The proportion of mortgages taken out by first time buyers has dropped steadily since the First Home Owners Grant (FHOG) was wound down late last year.
Figures released by the Australian Bureau of Statistics show that first home buyers account for ten percent less of the property market than they did in early 2008. First home buyers comprised up to 30 percent of the market when the full grant was available.
The FHOG has been scaled back from its peak of $14,000 plus additional benefits depending on which state the property buyer was located. The nationally funded top-up is no longer active and was widely believed to have boosted the first time buyer market when it was introduced.

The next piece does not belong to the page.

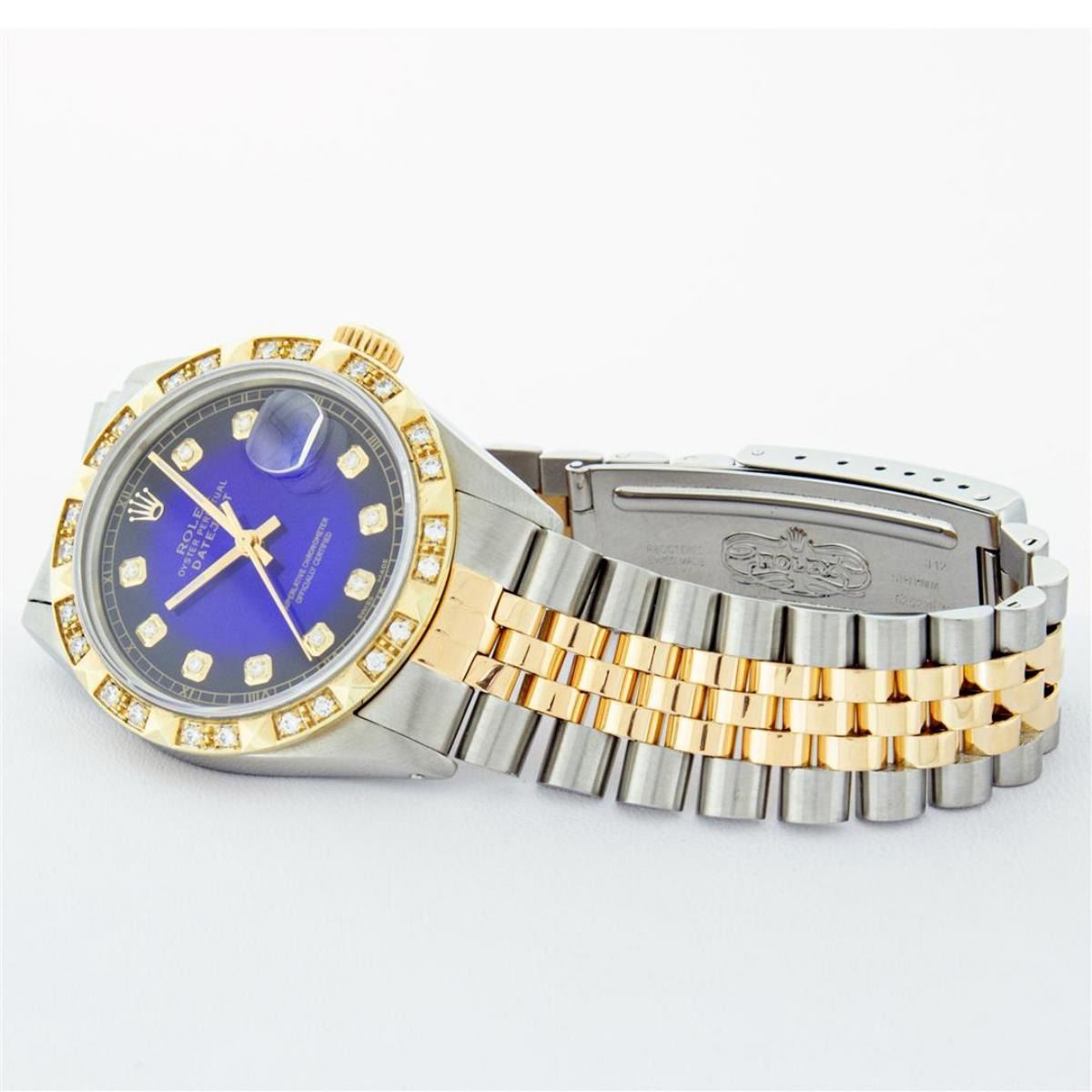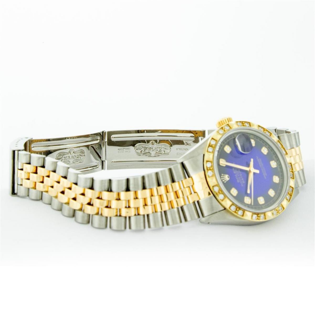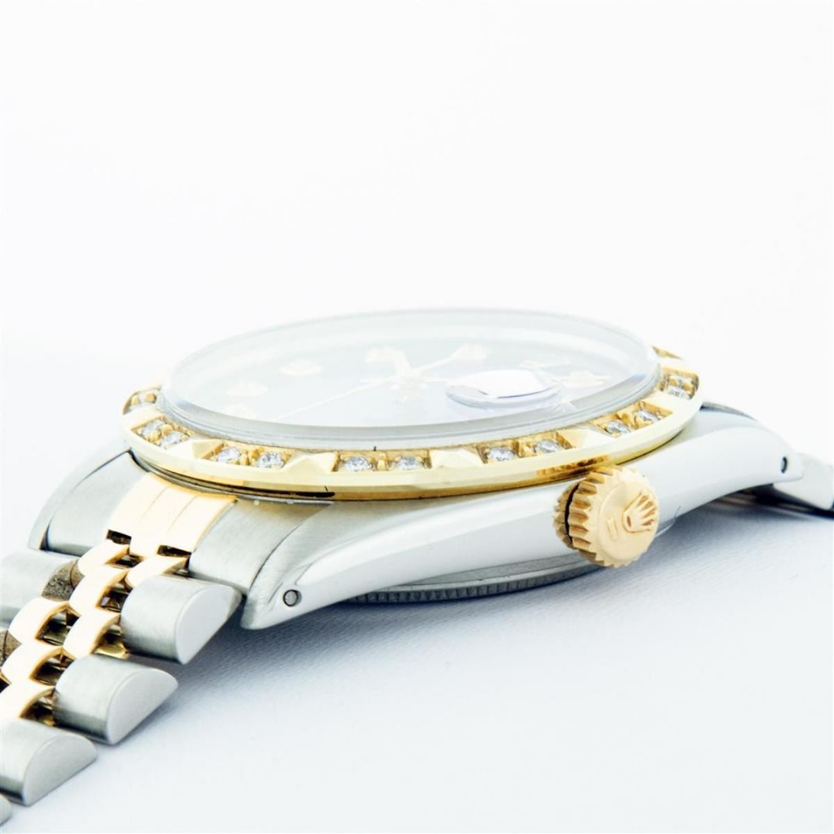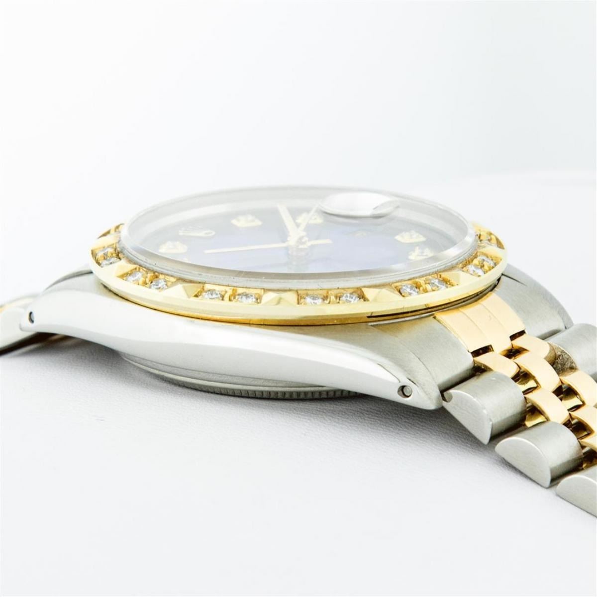 One Mens Yellow Gold Rolex Datejust Polished Bright with Satin Finish, Serviced & Electronically Tested, Stainless Steel Case: 36mm, Yellow Gold Crown, Custom Bezel: New 18K Yellow Gold Pyramid Diamond Bezel, Diamond Count: 24 Diamonds, Total Weight .75 Carat, Clarity: SI-VS, Color: G to H. Custom Crystal: New Scratch Resistant Synthetic Sapphire Cyclops Lens. Custom Hands: New Luminecent Hands. Movement: Automatic Winding Movement. Custom Dial: Blue Vignette Diamond Dial With Roman Track, Diamond Count: 10 Diamonds In Dial, Color: G to H, Clarity: VS. Date Window: 3 O'Clock Position Date Display, Quickset, Model: Datejust. Condition: G-6 Extra Fine. Bracelet: Yellow Gold And Stainless Steel Jubilee Band. Bright Polish & Satin Finish. 7.0 Inch Length, Adjustable. Standard Clasp, With Rolex Logo. This Watch Has Been Serviced And Polished It Is Free Of All Scratches And Dents.

Three successive rate rises in recent months has also dampened the spirits of people hoping to get a foot on the property ladder. The rate rises have coincided with unfavourable changes to the loan to value ratios of several major lenders. Combined with a decrease in the FHOG, first time buyers are now having a tough time being able to afford a mortgage.
Mortgage Brokers are coping with the changes to the market as an increase in refinancing and investment activity has buoyed the home loan market. Lenders have recently made it easier for existing home owners and investors with large deposits to obtain a mortgage.
Second tier lenders are also returning to the market and reporting substantial profits. Despite the bad news for first time buyers, the overall mortgage market appears to be recovering well from the recession and returning to prosperity.